All right, now let's work through this together.
So the way that we can approach this is to get a common denominator. If I can express both fractions in terms of the same denominator, it's going to be a lot easier to subtract.
And the common denominator that's most useful is to find the least common denominator.
And the smallest number that is both a multiple of two and three is actually two times three, or six.
So what if we were to write each of these numbers in terms of sixths?
So how can we rewrite one half in terms of sixths? I always have trouble saying that.
Well, if I start with one half and if I multiply the denominator by three, that's going to get us to sixths and so I don't change the value of the fraction.
I need to multiply the numerator by three as well. As long as I multiply both the numerator and the denominator by the same thing, well, then that's still going to be equal to one half and you can visualize what that looks like.
If you take each of these two equal sections and turn them into three equal sections, well then you're gonna have a total of six equal sections or sixths.
Two times three in the denominator and the part that was shaded in in green which was just one of those sections is now three times as many sections.
So your one half is now equal to three over six.
And we can do the same thing over here. If we start with one third how do we express it in terms of sixths?
Well to go from three to six I would multiply it by two, and so I also wanna do that in the numerator so that I don't change the value of the fraction and we can visualize that.
Notice, if you take all three sections and you turn each of them into two sections you now have six equal sections.
So you are now dealing with sixths, and that one section before is now going to become two sections.
So this is now going to be equal to two sixths.

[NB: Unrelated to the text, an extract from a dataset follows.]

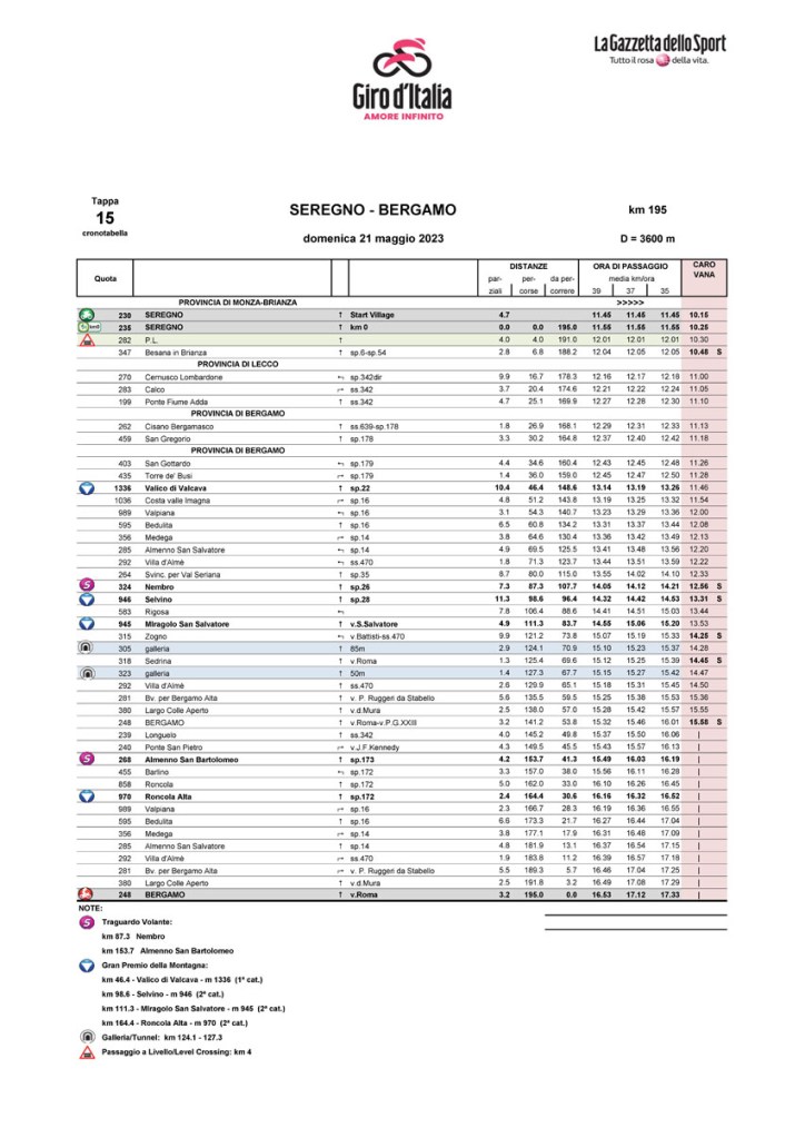 Un percorso che promette grandi emozioni quello della quindicesima tappa del Giro 2023 con arrivo nel centro città. Considerata dagli organizzatori di RCS Sport “tappa di montagna”, la frazione di domenica 21 maggio mostra un profilo capace di esaltare le qualità di qualche scalatore. La prima salita è al Valico di Valcava dopo 36 chilometri dal via, da qui la discesa verso Villa d’Alme e il passaggio da Nembro per la seconda salita di giornata: il Selvino, l’ascesa iconica dei ciclisti bergamaschi. La successiva discesa verso la val Brembana porterà i “girini” ad avvicinarsi per la prima volta a Bergamo con il passaggio in Città Alta, e da qui il gruppo proseguirà verso l’ascesa alla Roncola e a Valpiana. Infine, giù in discesa fino ad avvicinarsi alla città di Bergamo con un secondo passaggio in Colle Aperto, preludio del traguardo sul Sentierone.

So we can actually rewrite things as this is the same thing as three sixths minus, minus two sixths.
And what do you think that is going to be?
Well if I have three of something and I subtract two of them away I'm going to be left with one of that something.
So I'm going to be left with one sixth in this case.
And we can visualize it just the way we visualized everything else.
If you take two of these gray bars or two of these sections from these three sections you're just going to be left with one of them.
This is one of the six equal sections.